Compliance and Regulatory:

The Clinical Research Coordinator completes regulatory forms, including but not limited to IRB submissions, R&D committee, and subcommittee forms, and generates reports for oversight committees. They maintain regulatory compliance by composing necessary correspondence and reporting patient serious adverse events (SAEs) and adverse events (AEs). Additionally, they establish and maintain source and regulatory files for up to six clinical research projects, ensuring the accuracy and completeness of information and documentation, and do so in a timely manner for efficient retrieval.

Moreover, the coordinator ensures that all educational and training requirements for the VAPSHCS and the R&D department are current. This involves staying updated with mandatory training modules and certifications required to perform their role effectively and maintain compliance with organizational standards and protocols.
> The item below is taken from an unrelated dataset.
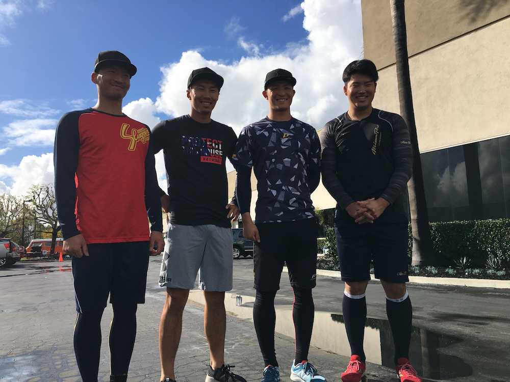 これぞ、大将の心意気だ。ヤクルトの青木が12日(日本時間13日)、後輩の上田、西浦、宮本、村上とともにロサンゼルス近郊で行っている自主トレを公開した。雨のため室内での練習となったが、自ら打撃投手を務めるなど精力的。バットでも快音を響かせ「体力は全然負けていない。俺が一番動けている」と胸を張った。
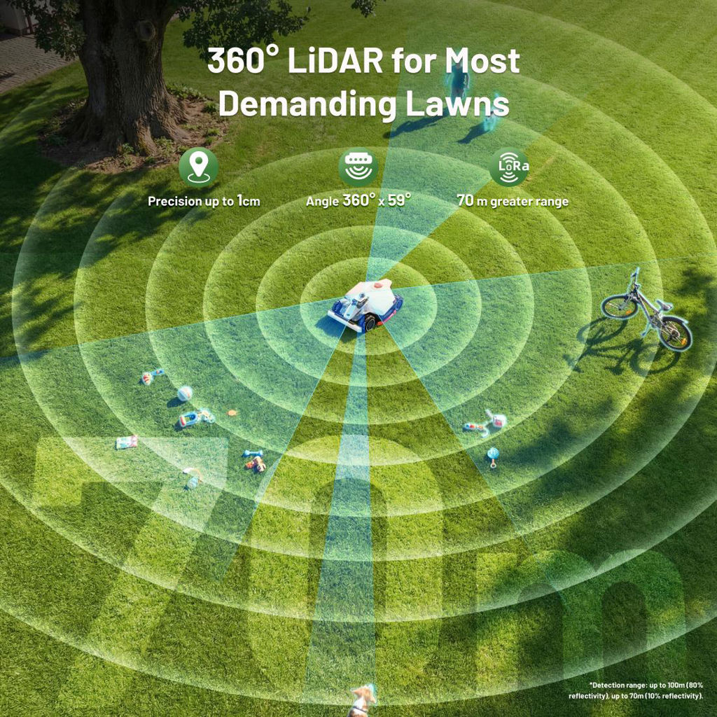 This technology provides centimeter-level positioning accuracy and allows the robot to efficiently avoid obstacles while optimizing its mowing path.

Other clinical research responsibilities:

The Clinical Research Coordinator determines patient eligibility for studies by reviewing patient medical records, conducting initial screenings, and assessing inclusion and exclusion criteria based on study protocols. This process involves detailed evaluation of patient history, current health status, and other relevant factors to ensure appropriate enrollment. Additionally, they evaluate pathology reports to gather critical information that may influence patient eligibility and study outcomes. This evaluation involves analyzing biopsy reports, lab results, and other diagnostic findings to ensure that all data aligns with the study's requirements and objectives.

The coordinator also attends weekly conferences, which provide a platform for discussing ongoing research, sharing updates on patient status, and addressing any issues or changes in study protocols.

The Clinical Research Coordinator handles human specimens, including processing blood, urine, and tissue samples according to study protocols. This may involve collecting, centrifuging, aliquoting, and accurately labeling samples. For shipping specimens, the coordinator adheres to biohazard specifications and IATA shipping guidelines. This includes packaging samples in approved containers, labeling shipments correctly, and completing all necessary documentation to ensure safe and timely delivery to designated labs or research facilities.

The Clinical Research Coordinator prepares clinic schedules, attends pre-clinic meetings, and provides patient health summaries. These tasks ensure that clinic operations run smoothly and that all relevant information is communicated effectively to the clinical team.

The Clinical Research Coordinator prepares general correspondence, reports, emails, and letters for review and signature The recipients of these communications include the study team, supervisor, Institutional Review board (IRB), Research and Development Committee (R&D) and clinical research sponsors.

Other duties include: general faxing, photocopying, equipment maintenance, document delivery, etc; other duties as required.

Position Requirements:

• Masters degree in science, health or social science field OR BA/BS and 1-4 years of experience in research coordination.

Knowledge and Experience:

• Research regulatory forms (IRB submissions, R&D committee and subcommitte forms, oversight committee reporting)
• Handling human specimens (processing blood, urine and tissue samples.
• RAVE, REDCap, Micosoft Access, Exel and Word.